Moderna and the European Commission (EC) Amend Covid-19 Vaccine Agreement to Supply Omicron-containing Bivalent Candidates; EC Purchases Additional 15 Million Doses
Moderna, Inc.(NASDAQ:MRNA), a biotechnology company pioneering messenger RNA (mRNA) therapeutics and vaccines, today announced an amendment to its agreement with the European Commission (EC) to convert contractually agreed doses of Moderna’s COVID-19 vaccine (Spikevax, mRNA-1273) to the Company’s Omicron-containing bivalent vaccines for supply in 2022, pending regulatory approval. In addition, the EC has agreed to purchase an additional 15 million doses of Omicron-containing vaccine booster candidates from Moderna.

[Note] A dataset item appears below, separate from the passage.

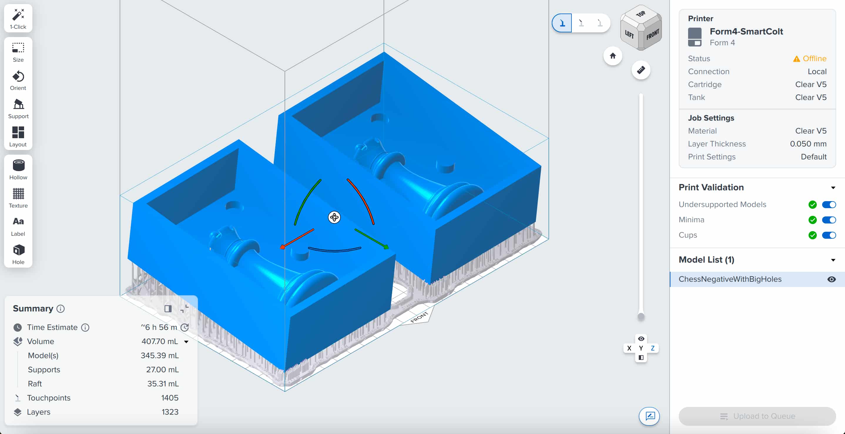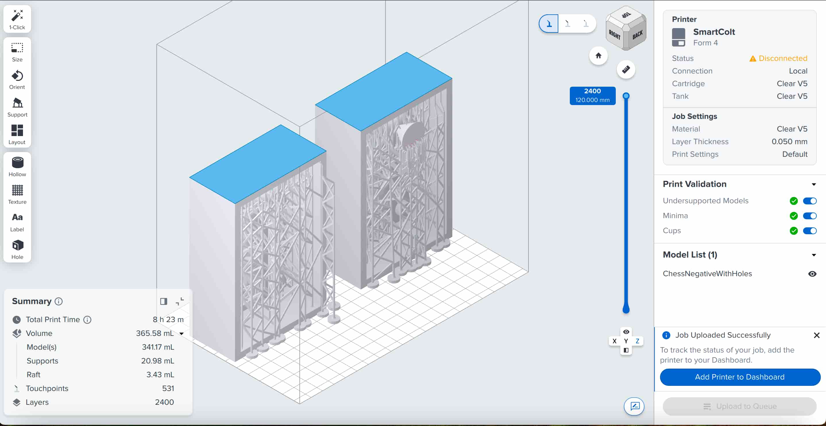 Using Preform's one click print setup, I noticed a warning that cup was detected because my box design could lead to water trapped during the print. I didn't want to add a hole and then glue it later on, so I made my print vertical. I am also using the Formlab's SLA printer with Clear V5 material.

“The European Commission and Moderna have been steadfast partners in the fight against the COVID-19 pandemic. This agreement highlights the EC’s trust in our mRNA platform and next-generation bivalent COVID-19 vaccines,” said Stéphane Bancel, Moderna’s Chief Executive Officer. “Participating member states will now have access to Omicron-containing vaccine booster candidates, and protection against COVID-19, heading into the winter season.”
Under the amendment, contractually scheduled doses in July and August of Moderna’s COVID-19 vaccine (Spikevax, mRNA-1273) will be deferred to later in 2022, with all remaining contractually agreed doses of mRNA-1273 converted to Omicron-containing bivalent vaccines, pending approval by the European Medicines Agency (EMA).
Moderna is advancing two bivalent candidates for utilization in global vaccination efforts. The mRNA-1273.214 bivalent booster candidate is based on the Omicron subvariant BA.1 and has demonstrated positive clinical data against variants of concern, including Omicron. The second bivalent booster candidate, mRNA 1273.222, is based on the BA.4/5 strain. Both bivalent candidates contain 25 µg of the currently authorized booster (mRNA-1273) and 25 µg of an Omicron-specific subvariant.